DISTRICT COURT OF SOUTH AUSTRALIA

(Civil)

ELLIOTT v THE STATE OF SOUTH AUSTRALIA AND ORS (No 2)

[2014] SADC 100

Judgment of His Honour Judge Slattery

6 June 2014

PROCEDURE - COSTS - DEPARTING FROM THE GENERAL RULE

Defendants claim costs against the plaintiff on a solicitor and client basis.

Principal action involved claims by the plaintiff against the defendants of negligence, malicious prosecution and the tort of misfeasance in a public office. The Court found that there was no case to answer by any of the defendants. Plaintiff’s claim struck out including on the basis that it was hopeless and without any prospect of success.

Whether the circumstances of the case warrant departure from the general rule in the exercise of the Court’s discretion.

Held: Plaintiff to pay the defendants’ costs on a solicitor/client basis.

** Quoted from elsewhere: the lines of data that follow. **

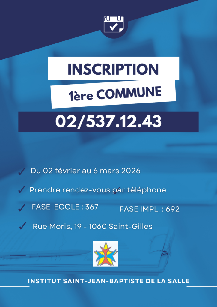 Pour le site Saint Jean-Baptiste de la Salle: Se présenter 19 avenue Moris entre 8h15 et 12h30 (du lundi au vendredi) ou entre 14h00 et 16h00 (mardi, jeudi ou vendredi) ou prendre rendez-vous avec Madame Duval au 02/537.12.43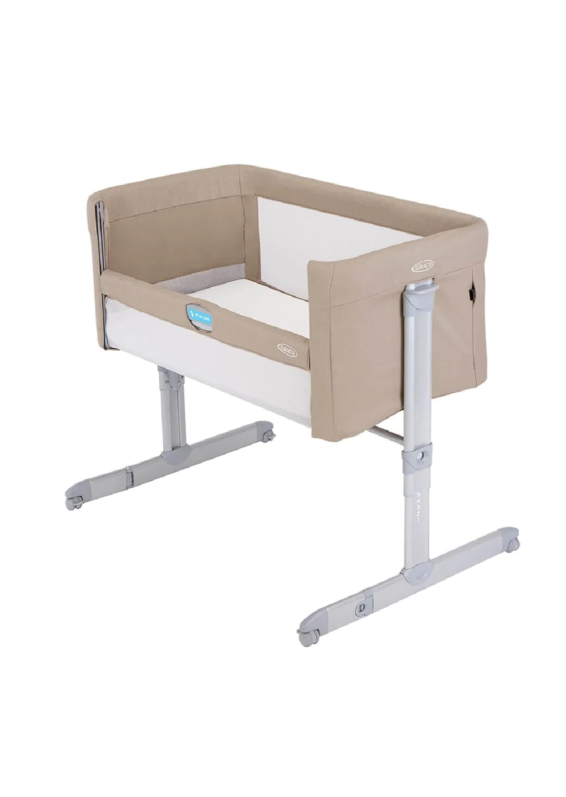 Taking the night shift with your newborn has never been easier. The easy-access side rail raises and lowers with just one hand, making it possible to do everything you need from the comfort of your bed. When not attached to the bed, tilt Sweet2Sleep to any of the 4 positions to help baby digest that middle-of-the-night feed more easily. With the 11 height adjustments, you can make Sweet2Sleep fit perfectly to your bed. The folding feet can bring the crib closer to your bed if you have a divan or an enclosed space under your bed.
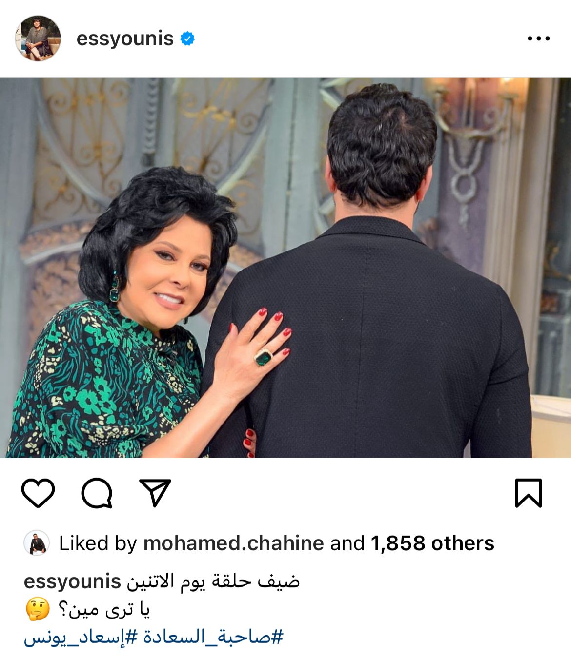شوقت الفنانة إسعاد يونس، جمهورها لضيف الحلقة القادمة من برنامجها المميز"صاحبة السعادة"، وذلك عبر حسابها الرسمي بموقع تبادل الصور والفيديوهات انستجرام.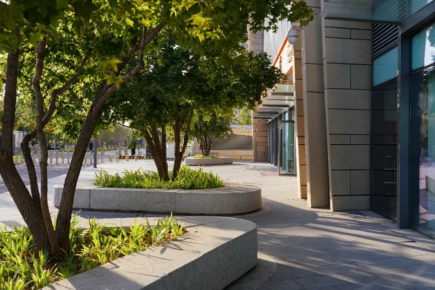 作为场地的第一城市界面,入口广场承担着城市界面的形象昭示,同时作为办公和商业综合体的昭示性外展空间,场地与城市街道用绿植分隔形成城市界面,引入自然绿色景观和建筑、城市整合联动形成完整的街景风貌,并在城市中央创造一片都市生活和自然理想的绿洲。

District Court Civil Rules 2006 r 264(5)(a); Australian Road Rules  r 59; Road Traffic Act 1961 s 79B; Road Traffic (Miscellaneous) Regulations 1999 reg 15; Evidence Act 1929 s 67C; District Court Act 1991 s 42(1), referred to.
Northern Territory v Mengel (1995) 185 CLR 307; Re Wilcox (1996) 72 FCR 151; Calderbank v Calderbank [1975] 3 All ER 333; Colgate-Palmolive Company and Anor v Cussons Pty Ltd [1993] FCA 536; Fountain Selected Meats (Sales) Pty Ltd v International Produce Merchants Pty Ltd [1988] FCA 202; Board of Examiners v XY (2006) 25 VAR 193; Yilan v Minister for Immigration & Multicultural Affairs [1999] FCA 1212, considered.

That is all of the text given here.